Bring mir was Schönes mit!

»Bringst du mir was Schönes mit?« fragen nicht nur Kinder. Es ist der Wunsch nach Überraschung. Zwar wünscht man sich Einfühlung in die eigenen Bedürfnisse und Wünsche, aber es soll doch auch eine Überraschung werden, die Perspektive und die Besonderheit des Anderen sollen ebenso ins Spiel kommen. Vielleicht gerate ich so an etwas Neues, an das ich selber gar nicht gedacht hatte. Bekommen, was ich will – das klingt zwar sehr nach Selbstbestimmung und Autonomie, kann mich aber auch ärmer machen und das Leben uninteressanter.

Unsere Kolumne: Blick vom Maulwurfshügel – Illustration: Eva Sempere

»Linear ist out!« las ich neulich. Sich die Fernsehinhalte vom Tagesprogramm vorgeben zu lassen, wird langsam altmodisch ist damit gemeint. Heute sucht man sich das Programm lieber wie aus einer Speisekarte aus, über YouTube oder andere Streaming-Dienste. Das klingt nach Selbstorganisation, Selbstbestimmung und individueller Geschmacksentwicklung. Ich merke allerdings, dass ich dabei etwas vermisse: Die Angebote der Fernsehprogramme kommen für mich aus der Tiefe der Gesellschaft, werden von unzähligen Redakteur*innen und Autor*innen kreiert, geplant, abgestimmt, organisiert, diskutiert und schließlich kommuniziert und gesendet. Mit dem Endergebnis, dass viele Menschen zu einer bestimmten Zeit etwas mit anderen zusammen sehen und hören. Auch wenn diese Menschen nicht real nebeneinander sitzen, ist das ein schöner Gedanke. Und sie haben ein gemeinsames Gesprächsthema, am nächsten Tag am Arbeitsplatz, oder in letzter Zeit sogar zeitgleich über Social Media, wo etwa ausführlich jeder »Tatort« kommentiert wird.

Es ist wie beim Bahnfahren: Mit Stolz, Bewunderung und einem glücklichen Gefühl der Zusammengehörigkeit steige ich mit anderen erwartungsvollen Reisenden in Züge, die mir gesellschaftlich zur Verfügung gestellt werden, nutze als Weltbürger das weltweite Schienennetz, als wenn es für mich geschaffen worden wäre. Im Auto sitze ich in meinem eigenen Gerät, als Ware gekauft und angeeignet – mit der Gesellschaft, den anderen, hat es nichts zu tun.

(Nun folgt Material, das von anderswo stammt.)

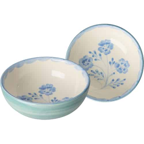 Rice Keramikkskål - Håndmalte blå blomster - Grønn På lager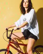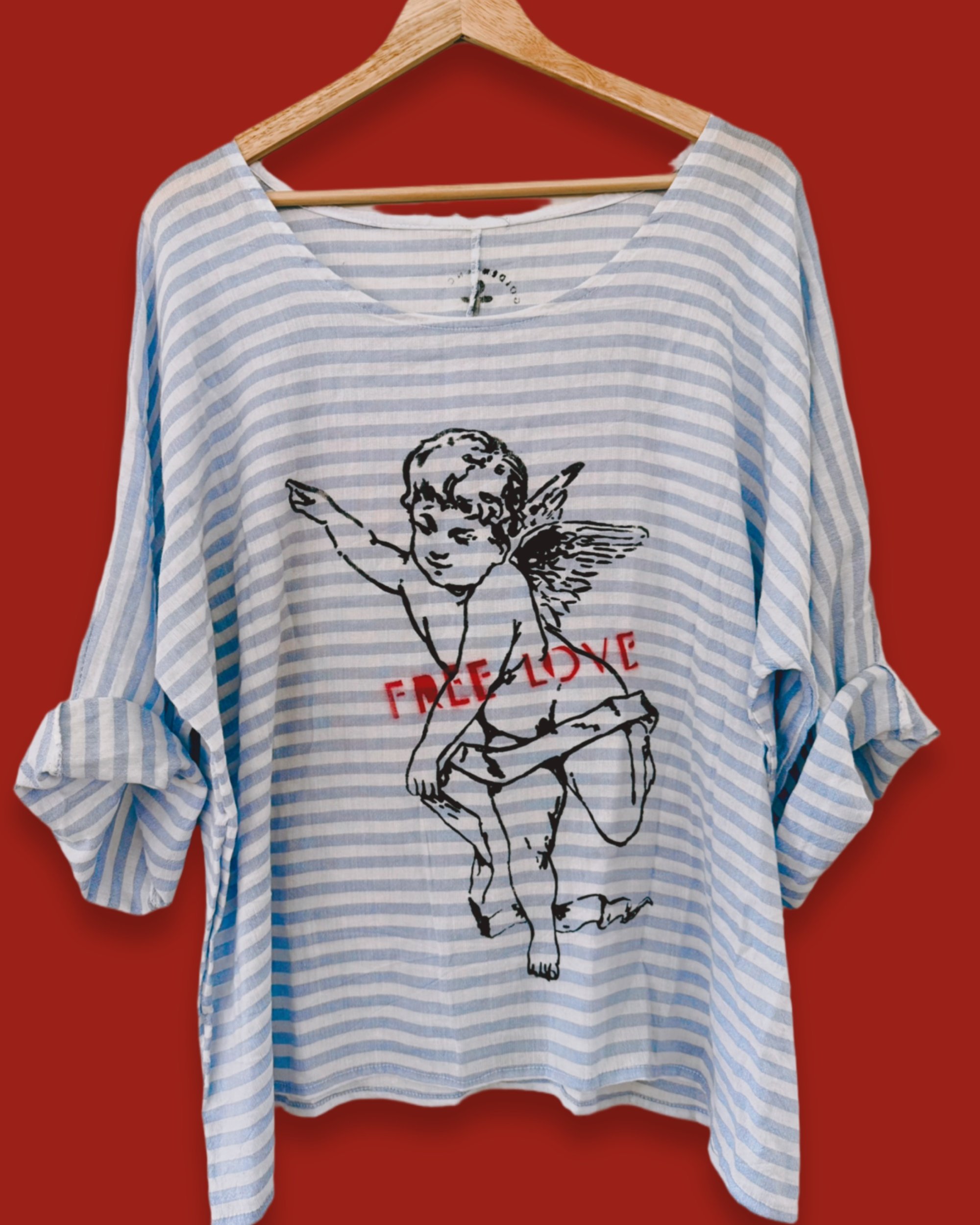 Luftige weiss/hellblau gestreifte Baumwolle, weit geschnitten. Vorderseitig grosser Print. 1x verfügbar -passend M-L

Auch wenn das Straßennetz gesellschaftlich zustande kommt und unterhalten werden muss und wenn es Verkehrsregeln gibt – das Individualfahrzeug ist eben gerade das Vehikel persönlicher Freiheit und Unabhängigkeit und damit Ausdruck der Abgrenzung vom gesellschaftlichen Zusammenhang.

Auch bei meinem Sudoku freue ich mich immer auf das tagesaktuelle Rätsel in meiner Tageszeitung. Ich könnte mir natürlich ein Rätselheft mit hunderten Sudokus kaufen und hätte dann immer welche zur Verfügung. Aber da fehlt die Überraschung.

»Bring mir was Schönes mit!« Vernünftig ist sicher, eine perfekte Einkaufsliste zu schreiben, um keine unangenehmen Überraschungen zu erleben. Aber Überraschungen und Veränderung machen das Leben erst spannend. Selbstbezogener Individualismus ist auch immer Verarmung, Einseitigkeit und Langeweile. Ich freue ich mich also darauf, was sich die Fernsehredakteur*innen heute Abend für mich ausgedacht haben.